PROMPT
Word for word, set down the lines from the one that holds "Genießen Sie die" through the final line of the listing below, and exclude every picture.

SOURCE MATERIAL
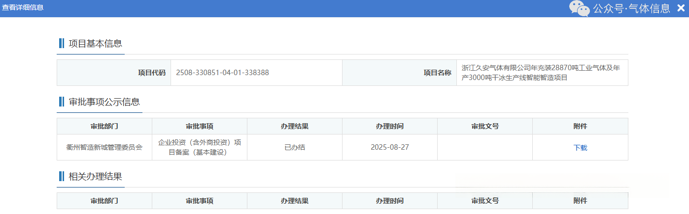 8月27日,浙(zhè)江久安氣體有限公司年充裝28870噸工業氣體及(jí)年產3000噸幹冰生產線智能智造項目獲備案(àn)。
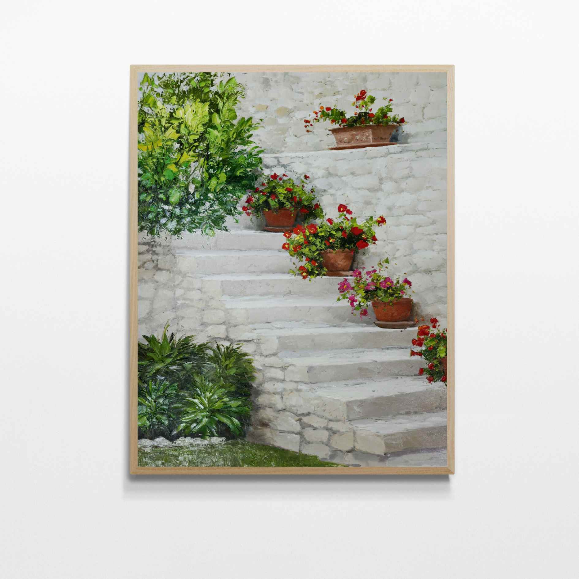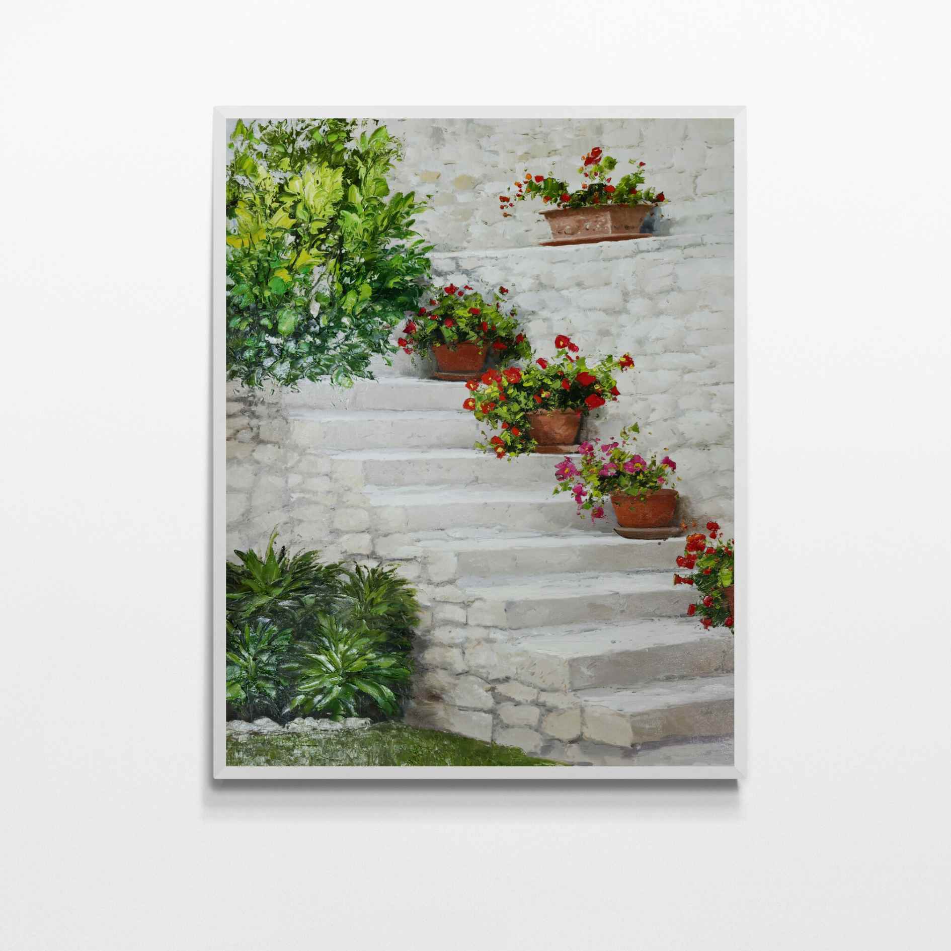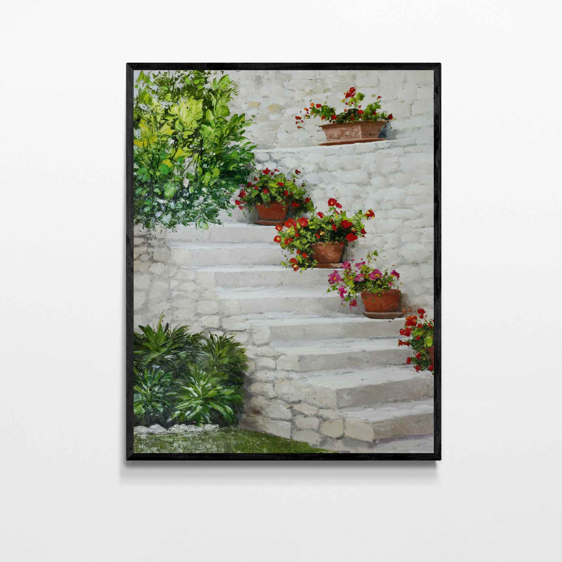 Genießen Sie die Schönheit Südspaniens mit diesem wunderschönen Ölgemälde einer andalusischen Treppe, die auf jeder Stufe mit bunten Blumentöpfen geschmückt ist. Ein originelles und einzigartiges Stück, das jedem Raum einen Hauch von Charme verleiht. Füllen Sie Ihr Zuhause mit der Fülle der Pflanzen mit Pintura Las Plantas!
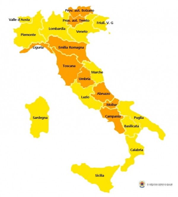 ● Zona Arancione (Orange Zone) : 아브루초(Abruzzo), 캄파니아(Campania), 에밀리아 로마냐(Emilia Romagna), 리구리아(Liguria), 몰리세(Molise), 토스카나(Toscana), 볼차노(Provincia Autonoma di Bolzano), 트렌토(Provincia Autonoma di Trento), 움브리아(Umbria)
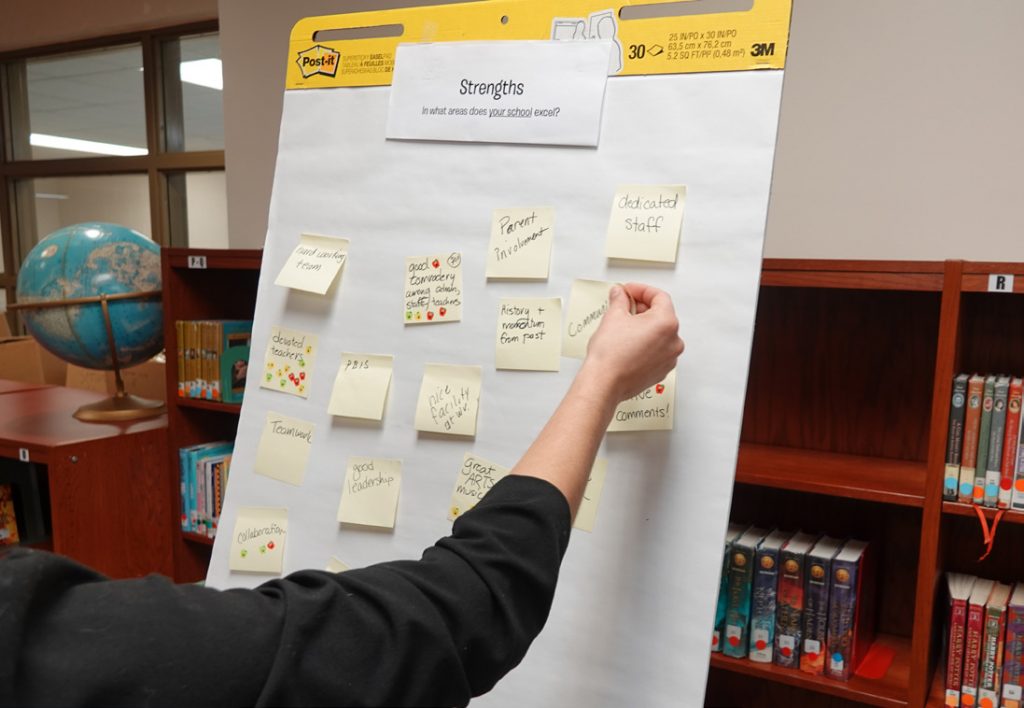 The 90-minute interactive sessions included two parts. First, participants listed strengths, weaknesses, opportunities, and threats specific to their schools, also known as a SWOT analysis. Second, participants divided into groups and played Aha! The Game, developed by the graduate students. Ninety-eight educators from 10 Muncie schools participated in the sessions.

SOLUTION FOR THIS PROBLEM
 Genießen Sie die Schönheit Südspaniens mit diesem wunderschönen Ölgemälde einer andalusischen Treppe, die auf jeder Stufe mit bunten Blumentöpfen geschmückt ist. Ein originelles und einzigartiges Stück, das jedem Raum einen Hauch von Charme verleiht. Füllen Sie Ihr Zuhause mit der Fülle der Pflanzen mit Pintura Las Plantas!
 ● Zona Arancione (Orange Zone) : 아브루초(Abruzzo), 캄파니아(Campania), 에밀리아 로마냐(Emilia Romagna), 리구리아(Liguria), 몰리세(Molise), 토스카나(Toscana), 볼차노(Provincia Autonoma di Bolzano), 트렌토(Provincia Autonoma di Trento), 움브리아(Umbria)
 The 90-minute interactive sessions included two parts. First, participants listed strengths, weaknesses, opportunities, and threats specific to their schools, also known as a SWOT analysis. Second, participants divided into groups and played Aha! The Game, developed by the graduate students. Ninety-eight educators from 10 Muncie schools participated in the sessions.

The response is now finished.